Tuesday, October 14, 2014

Design is a Research Process

In the last few years there have been a number of articles focused on the integration of research into the design process. The majority of these articles have been framed from the perspective of a healthcare practice, however a design research perspective is applicable to any client project.  Two of these articles: How to Convert Key Design Issues into Research Questions by Mardelle Shepley and 6 Steps to Integrate Research into Healthcare Design by Upali Nanda and Tom Harvey offer advice from experienced researchers and practitioners regarding the challenge of integrating research into design and making it a formative part of the process.

As you look at the articles you will see that Mardelle Shepley acknowledges that designers are prolific generators of research topics, and that these important design questions are formed during the programming phase when primary design goals are formed. She shows how a design goal can become a design hypothesis by identifying examples of goals, defining components of a hypothesis and then sharing examples from three case studies. Her case study examples are particularly useful for taking a typical, somewhat general design goal, and crafting it into a design hypothesis which identifies a clear design feature and states a clear outcome. From my experience, this is one of the most important steps in clarifying design intentions.

In the second article Upali Nanda and Tom Harvey from HKS/CADRE take on many of the
same practice issues, but make an effort to link research issues with traditional design
phases. Their simplified framework is broken into six steps which are summarized and displayed in a graphic to show how the steps interface with typical design phases.

1. TARGET - Create designs based on key performance goals of the organization: set targets based on important client goals and define performance metrics to assess these goals.

2. EXPLORE/EXPERIMENT - Gather knowledge, understand users, simulate scenarios and test prototypes using tools that balance technology with empathy : explore and experiment with the potential of design options to answer design goals and design questions leading to a design hypothesis.

3. DEFINE - Link design solution to performance hypothesis: every design decision is a performance hypothesis and based upon project importance can be crafted into a clear testable hypothesis.

4. MEASURE - Identify key metrics for design and performance and collect baseline data.
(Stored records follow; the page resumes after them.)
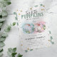 Convites de chá de bebê de gêmeos abóboras pequenas com um fundo branco simples, abóboras de aquarela azul e rosa, borboletas, flores, eucalipto, estrelas douradas e um modelo moderno de chá de bebê gêmeos que é fácil de personalizar.
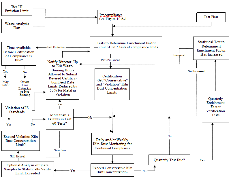 Under this method, cement kilns and other industrial furnaces that recycle emission control residue back into the furnace must comply with a kiln dust concentration limit (i.e., a collected particulate matter (PM) limit) for each metal, as well as limits on the maximum feedrates of each of the metals in: (1) pumpable hazardous waste; and (2) all hazardous waste.
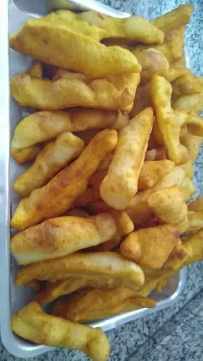 Massinha frita Meio copo de leite Meio copo de água 1 ovo Três colheres de açúcar Meia colher de sal 1 colher de pó Royal Farinha até dar o ponto Abra a massa corte as tirinhas e frite #receita
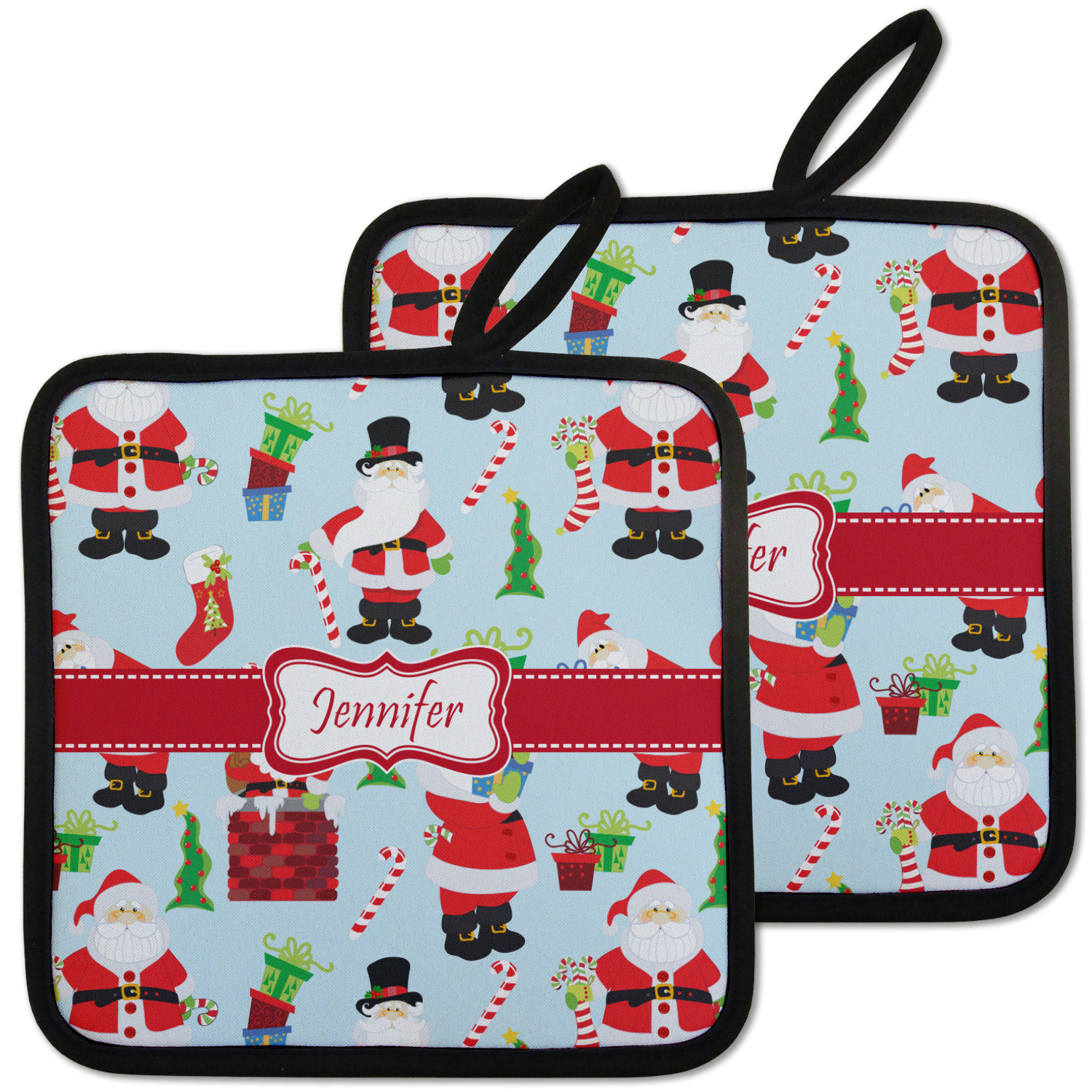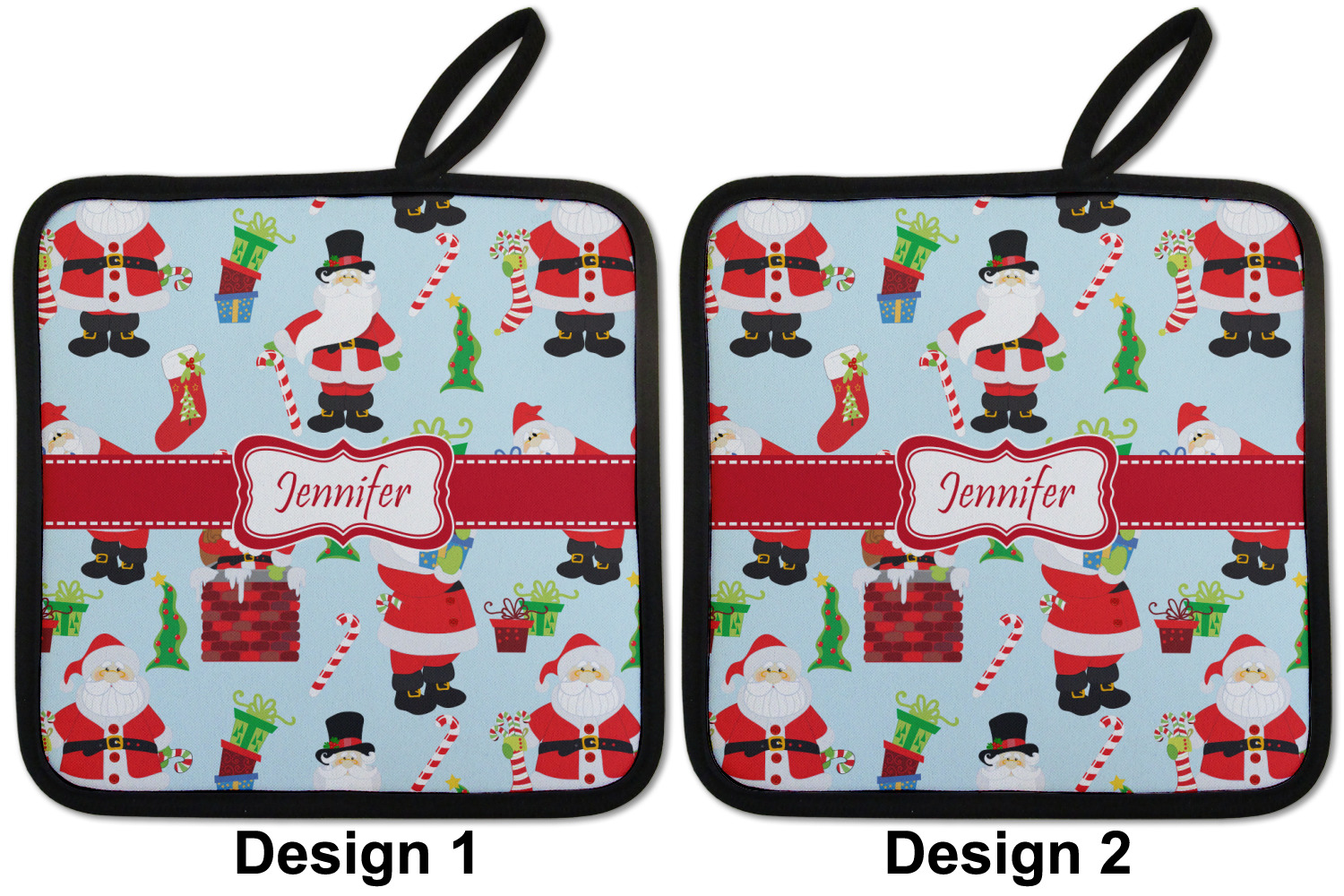 Our personalized pot holders feature a neoprene front that displays your personalization in vibrant colors. The backing of the hot pot holder is rubberized; the textured backing allows you to have a great grip when using this custom pot holder. The two materials are joined with a sleek, black trim, and the holder also includes an attached loop for hanging and storage. The pot holder is approximately 8.75 inches by 8.75 inches and 0.25 inches tall, while the fabric loop is 2.5 inches long. You can purchase a kitchen pot holder by itself or as a set of 2. We also offer a set including one pot holder and one oven mitt.
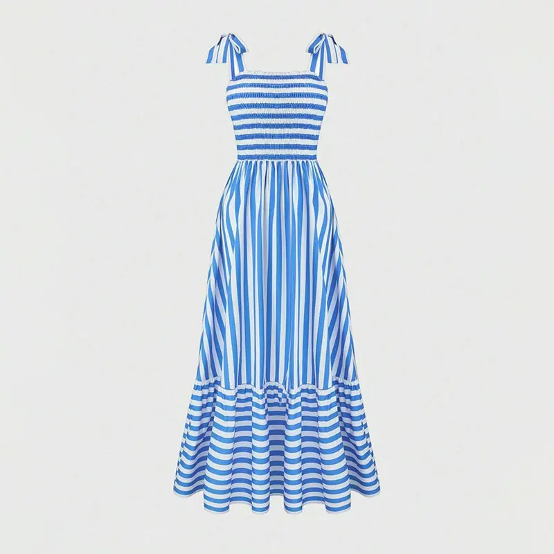 Huili Manufacturer Custom Print Summer Strappy Backless 100% Cotton Boho Polynesian Striped Maxi Dress with Flare Hem Full Skirt
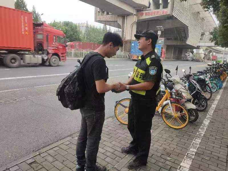 9月27日,宗保公司駐浦東新區高行市容項目員工程陽(yáng)明在外高橋保稅區南站地鐵站2號口整理共享單車(chē)時(shí),在一輛共享單車(chē)的車(chē)筐里發(fā)現一部黑色蘋(píng)果手機,詢(xún)問(wèn)旁邊人員無(wú)果后,隨即將情況報告了當班組長(cháng),并按指示守在原地等待。大約過(guò)了10分鐘左右,一男子打來(lái)電話(huà)尋找手機,程陽(yáng)明簡(jiǎn)單了解情況后,便與男子約好碰面的時(shí)間地點(diǎn)。又過(guò)了20多分鐘,一位身穿黑色上衣的男子急急忙忙應約趕來(lái)。程陽(yáng)明看他成功解鎖手機密碼后,便將手機交還給了他。男子拿著(zhù)手機,連連向程陽(yáng)明道謝。
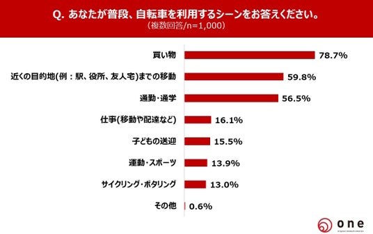 本調査の対象者である「週3日以上自転車を利用する方」が普段自転車を利用するシーンは「買い物」78.7%が最多で、以下「近くの目的地(例:駅、役所、友人宅)までの移動」59.8%、「通勤・通学」56.5%が上位となりました。
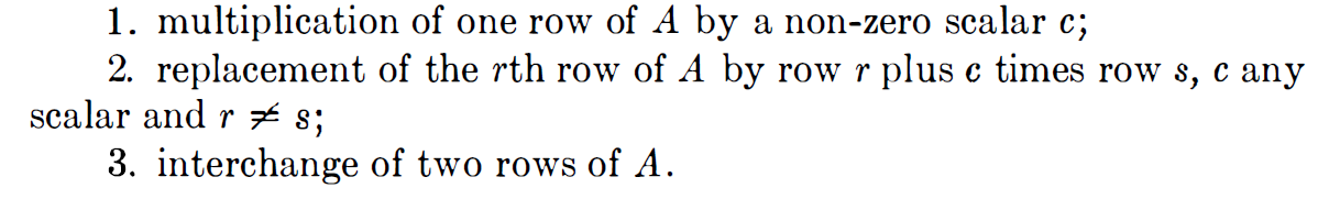 이제 matrix A 의 row에 대한 opertaions를 고려해보죠. 이는 AX=Y에서 equations의 linear combinations를 form하는 것과 관련이 있죠. field F에서 m x n matrix A 에 대해 아래의 3가지 elementary row operation에 집중해봅시다.
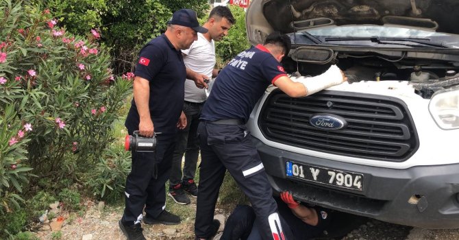 Kozan ilçesinde hafif ticari aracın motor bölümünden kedi sesi geldiğini fark edenler CANKUR ekiplerine haber verdi. Aracın başına gelen CANKUR ekibi kediyi motor kısmından kurtarmak için dakikalarca uğraştı.

All measures are not quantitative: match design phase metrics/simulations with outcomes/performance metrics.

5. MONITOR - Ensure design is implemented as planned, aiming for targeted performance goals: track the project through documentation and construction to protect design features and hypotheses.

6. TEST - Test the hypothesis: to what extent did the project achieve the outcomes hypothesized and why? Remember that design doesn't "cause" improved outcomes; it creates compelling conditions for improved outcomes.

Both articles provide a useful perspectives to explore design as a research process.  Mardelle sums it all up at the end of her article.

"The generation of hypotheses during the design process is likely to clarify design thinking, support problem solving, and provide the base for potential research."